A ways in the distance, McBride heard Russ yell, ‘‘Hoss in the barn, Boone. And a saddle.’’
McBride’s sweating fingers opened, then closed on the splintered handle
of the Colt. The thud of his racing heart was in his ears, and his tongue was stuck to the roof of his mouth. Outside the door the dead silence from Boone was filled with menace.
The man was going to shoot!
Every nerve in his body shrieking, McBride threw himself into the parlor just as four shots ripped through the front door. An instant later the door crashed inward, the hinges shattered from the frame. The door landed aslant in the hallway, its bottom edge wedged in the angle where the wall met the floor.
It took Boone a couple of seconds to boot the door aside and he gave McBride the time he needed. He had no time to assume the approved NYPD shooting position. He dropped to a knee in the hallway and raised the Colt to eye level with both hands.

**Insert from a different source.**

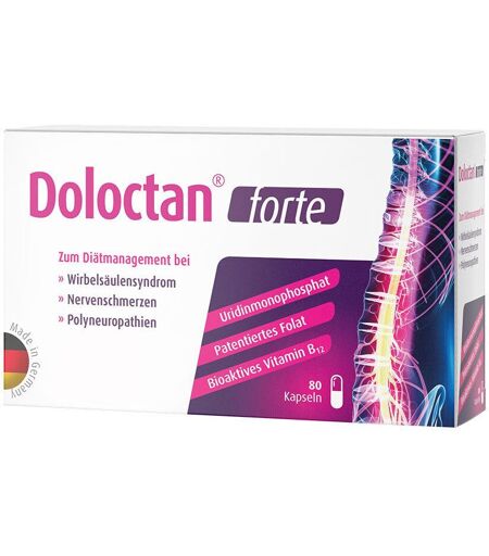 Bitte achten Sie auf eine ausgewogene und abwechslungsreiche Ernährung und eine gesunde Lebensweise. Bei Wirbelsäulensyndrom, Nervenschmerzen und Polyneuropathien Speziell abgestimmte bioaktive körperidentische Nervenbausteine mit patentiertem Folat Lebensmittel für besondere medizinische Zwecke (Bilanzierte Diät) Ihre Vorteile der Doloctan Kapseln von doloctan GmbH: Speziell abgestimmte bioaktive körperidentische Nervenbausteine: Uridinmonophosphat (UMP), aktive Folsäure in Form von Folat und Vitamin B12 als Methylcobalamin Wirksamkeit wissenschaftlich bestätigt Nur 1 Kapsel pro Tag 100 % vegan und frei von Gluten, Laktose und Soja Unser Produkt wird regelmäßig von deutschen und unabhängigen Laboren geprüft Entwickelt und produziert von unseren Pharma-Experten in unserer Zentrale im hessischen Nauheim Schon gewusst? Um die Aufnahme im Körper zu gewährleisten, enthält Doloctan® forte ausschließlich körperidentische und bioaktive Substanzen. Uridinmonophosphat (UMP) ist als essentieller Baustein der Nukleinsäuren dafür verantwortlich, dass im Organismus neue RNA, auch bei Nervenschädigungen, aufgebaut wird. Weiterhin fördert es die Proteinbiosynthese und beschleunigt den Wiederaufbau neuronaler Membranen. Die beiden B-Vitamine Folat (bioaktive Form der Folsäure) und B12 arbeiten im Körper sehr eng zusammen und spielen eine essentielle Rolle für den Nervenstoffwechsel. B12 ist beispielsweise an der Bildung der Myelinschicht (Schutzhülle der Nervenzelle) beteiligt.Zutaten:Füllstoff mikrokristalline Cellulose, Natriumsalze von Uridinmonophosphat, Hydroxypropylmethylcellulose (Kapsel), (6S)-5-Methyltetrahydrofolat Glucosaminsalz (Quatrefolic®, aktive Folsäure), Methylcobalamin (Vitamin B12).Nährwerte: Durchschnittliche Nährwerte pro 100 g pro 1 Kapsel* Brennwert (kJ/kcal) 1434 / 338 2,7 / 0,6 Fett, davon-gesättigte Fettsäuren 1 g < 0,5 g < 0,2 g < 0,2 g Kohlenhydrate, davon-Zucker 70,1 g < 0,5 g < 0,2 g < 0,2 g Eiweiß 12 g < 0,2 g Salz 8,2 g < 0,2 g Uridinmonophosphat 26 g 50 mg Methyltetrahydrofolat 209 mg 400 µg Methylcobalamin 1,6 mg 3 µg *täglich empfohlene Verzehrmenge. Verzehrempfehlung: Täglich 1 Kapsel mit ausreichend Flüssigkeit (ca. 200 ml) verzehren. Eine längerfristige und regelmäßige Einnahme wird empfohlen. Bei Bedarf kann die Kapsel auch geöffnet und das Pulver direkt verzehrt werden.Hinweis: Die täglich empfohlene Verzehrmenge darf nicht überschritten werden.Lagerungshinweis:Außerhalb der Reichweite von Kindern aufbewahren. Kühl, trocken und lichtgeschützt aufbewahren.Nettofüllmenge:80 vegetarische HartkapselnHerstellerdaten: doloctan GmbH Industriestraße 29 64569 Nauheim ...

Boone assumed he was stalking a gut-shot man who was either dead or dying hard and that made him overconfident. Had he gone to his holstered revolver he would have given himself more room in the narrow hall. Instead, he was forced to move his rifle up and clear of the door as he stepped around the debris. That cost him a lot more time than McBride was willing to give him.
McBride and Boone saw each other at the same moment. The gunman knew he’d been caught flat-footed. He cursed as he swung his rifle down and tried to bring it to bear on the big man. The Spencer carbine in Boone’s hands was short and handy, but he was a heartbeat too slow.
McBride fired. His bullet caught Boone in the right shoulder. The man absorbed the shock, but he was off balance, all his weight on his forward right leg. He triggered a round at McBride. Too low. The .50-caliber bullet plowed into the floor an inch from McBride’s left knee, throwing up a shower of splinters. McBride fired again, missed, then thumbed off a third shot. This time his aim was true and his bullet crashed into Boone’s throat where it met the top of the man’s breastbone.
The gunman staggered back into the angled door. His eyes were wild, filled with the knowledge of death. The terrible wound in his throat made him gag like a man drinking month-old milk and his bloody lips were stretched wide under his mustache.
But Boone had been there before and he had sand.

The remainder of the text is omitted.